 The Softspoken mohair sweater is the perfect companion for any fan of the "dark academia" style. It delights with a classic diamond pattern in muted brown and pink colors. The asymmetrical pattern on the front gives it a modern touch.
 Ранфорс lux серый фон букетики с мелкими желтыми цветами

* * *

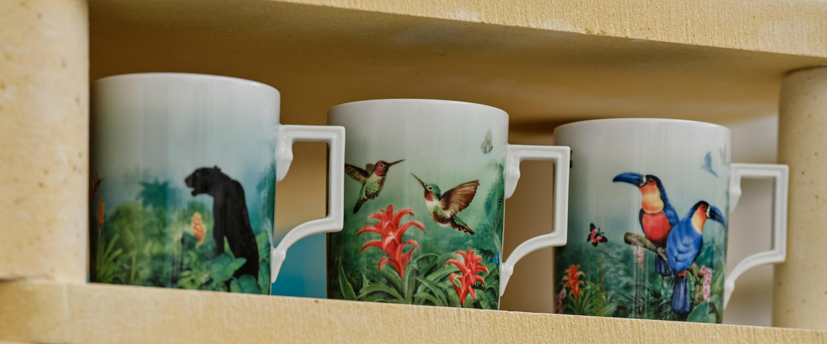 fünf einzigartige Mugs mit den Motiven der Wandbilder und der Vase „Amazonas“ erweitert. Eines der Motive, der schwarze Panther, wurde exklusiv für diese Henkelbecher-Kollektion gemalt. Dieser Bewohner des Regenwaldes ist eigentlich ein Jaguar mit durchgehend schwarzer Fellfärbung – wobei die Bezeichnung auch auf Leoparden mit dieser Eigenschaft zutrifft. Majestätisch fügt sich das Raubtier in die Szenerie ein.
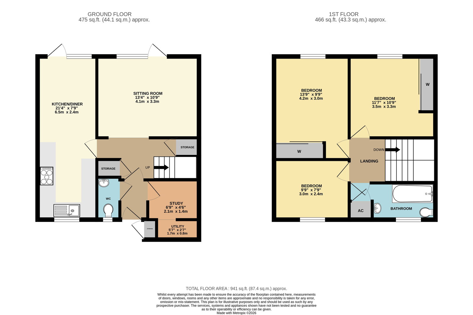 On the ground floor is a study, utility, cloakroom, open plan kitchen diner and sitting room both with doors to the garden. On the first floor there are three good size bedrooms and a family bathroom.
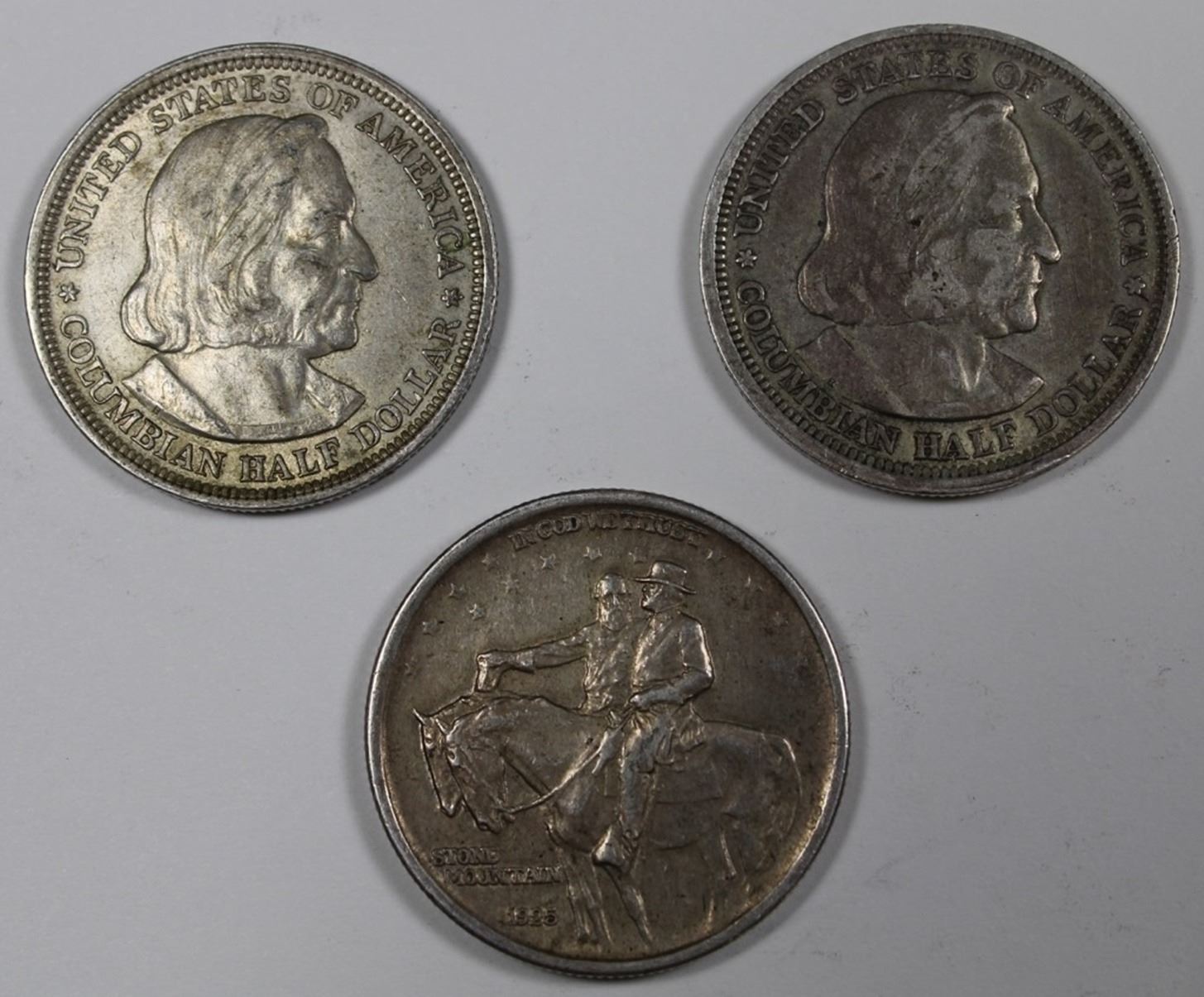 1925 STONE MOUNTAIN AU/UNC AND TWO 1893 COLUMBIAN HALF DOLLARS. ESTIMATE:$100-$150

» Problem requirements
From the data above, retype only the lines starting with the line with "fünf einzigartige Mugs" and going on through the line with "1925 STONE MOUNTAIN", exactly, leaving out the pictures.

» Output
 fünf einzigartige Mugs mit den Motiven der Wandbilder und der Vase „Amazonas“ erweitert. Eines der Motive, der schwarze Panther, wurde exklusiv für diese Henkelbecher-Kollektion gemalt. Dieser Bewohner des Regenwaldes ist eigentlich ein Jaguar mit durchgehend schwarzer Fellfärbung – wobei die Bezeichnung auch auf Leoparden mit dieser Eigenschaft zutrifft. Majestätisch fügt sich das Raubtier in die Szenerie ein.
 On the ground floor is a study, utility, cloakroom, open plan kitchen diner and sitting room both with doors to the garden. On the first floor there are three good size bedrooms and a family bathroom.
 1925 STONE MOUNTAIN AU/UNC AND TWO 1893 COLUMBIAN HALF DOLLARS. ESTIMATE:$100-$150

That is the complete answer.